Assuming that your sprites occupy sets of tiles that are rectangles (if they occupy arbitrary sets, then you cannot draw the correctly at all in the general case), the problem is that there is no total order relation between the elements, so you cannot sort them using a sort that would result in O(nlogn) comparisons.
Note that for any two objects A and B, either A should be drawn before B (A <- B), B should be drawn before A (B <- A) or they can be drawn in any order. They form a partial order. If you draw yourself a few examples with 3 overlapping objects, you may notice that the even though the 1st and the 3rd object may not overlap, thus not having a direct dependency, their drawing order depends on the 2nd object that's between them - depending how you place it, you will obtain different drawing orders. Bottomline - traditional sorts don't work here.
One solution is to use the comparison (mentioned by the Dani) and compare each object to each other object to determine their dependencies and form a dependency graph (which will be a DAG). Then do a topological sort on the graph to determine drawing order. If there aren't too many objects, this may be fast enough (it's O(n^2)
).
Another solution is to use a (for balancing - pseudo) quad tree and store the rectangles of all objects into it.

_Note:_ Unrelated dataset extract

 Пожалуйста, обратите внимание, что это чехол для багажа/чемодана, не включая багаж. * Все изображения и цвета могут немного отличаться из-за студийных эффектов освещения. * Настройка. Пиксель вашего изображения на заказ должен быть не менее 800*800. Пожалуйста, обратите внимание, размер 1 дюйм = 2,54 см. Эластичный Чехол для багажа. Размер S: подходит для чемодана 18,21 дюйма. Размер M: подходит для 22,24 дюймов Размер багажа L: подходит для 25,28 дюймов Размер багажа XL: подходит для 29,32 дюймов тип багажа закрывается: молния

Then iterate through all the objects X, and use the quad tree to check if there are any objects Y in the stripe above the object X which starts with the leftmost and ends with the rightmost corner of object X - for all such Y, Y <- X. Like this, you will still have to form a graph and sort topologically.
But you can avoid it. You use a list of objects Q, and a table of objects T. You iterate all the visible slots from smaller to bigger values on the x-axis (one row), going row by row on the y-axis. If there is a bottom corner of an object at that slot, do the procedure above to determine dependencies. If an object X depends on some other object Y that is partly above it (Y <- X), and every such Y is already in Q, add X to Q. If there is some Y which is not in Q, add X to T and denote that Y <- X. Every time you add an object to Q, you remove dependencies of objects pending in T. If all dependencies are removed, an object from T is moved to Q.

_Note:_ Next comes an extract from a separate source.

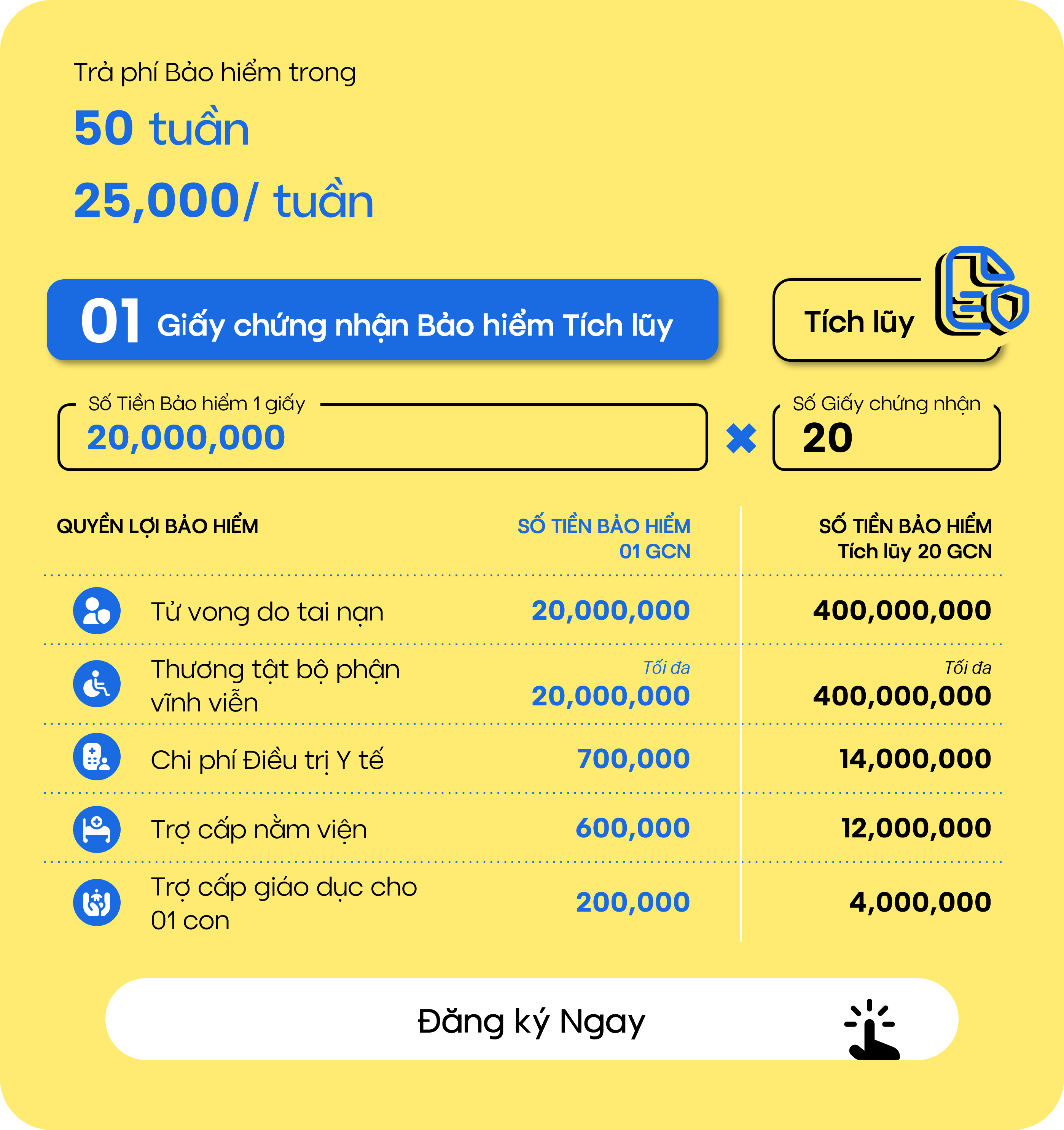 Quý đối tác sẽ tích lũy Giấy chứng nhận qua mỗi lần đóng phí tuần. Mỗi giấy chứng nhận có mức bảo hiểm 20 triệu đồng, hiệu lực một (01) năm kể từ ngày đóng phí thành công.

We are assuming that object sprites don't peek out of their slots on the bottom, the left or the right (only at the top, like trees in your picture). This should improve performance for a large number of objects. This approach will again be O(n^2)

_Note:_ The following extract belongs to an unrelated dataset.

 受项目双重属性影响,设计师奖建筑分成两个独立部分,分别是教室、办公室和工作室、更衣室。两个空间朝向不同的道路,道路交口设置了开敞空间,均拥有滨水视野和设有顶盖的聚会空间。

, but only in the worst case which includes weird sized objects and/or weird configurations of objects. In most cases, it's O(n * logn * sqrt(n))
. Knowing the height of your sprites can eliminate the sqrt(n)
, because you don't have to check the entire stripe above. Depending on the number of objects on the screen, you may try replacing the quad tree with an array indicating which slots are taken (makes sense if there are many objects).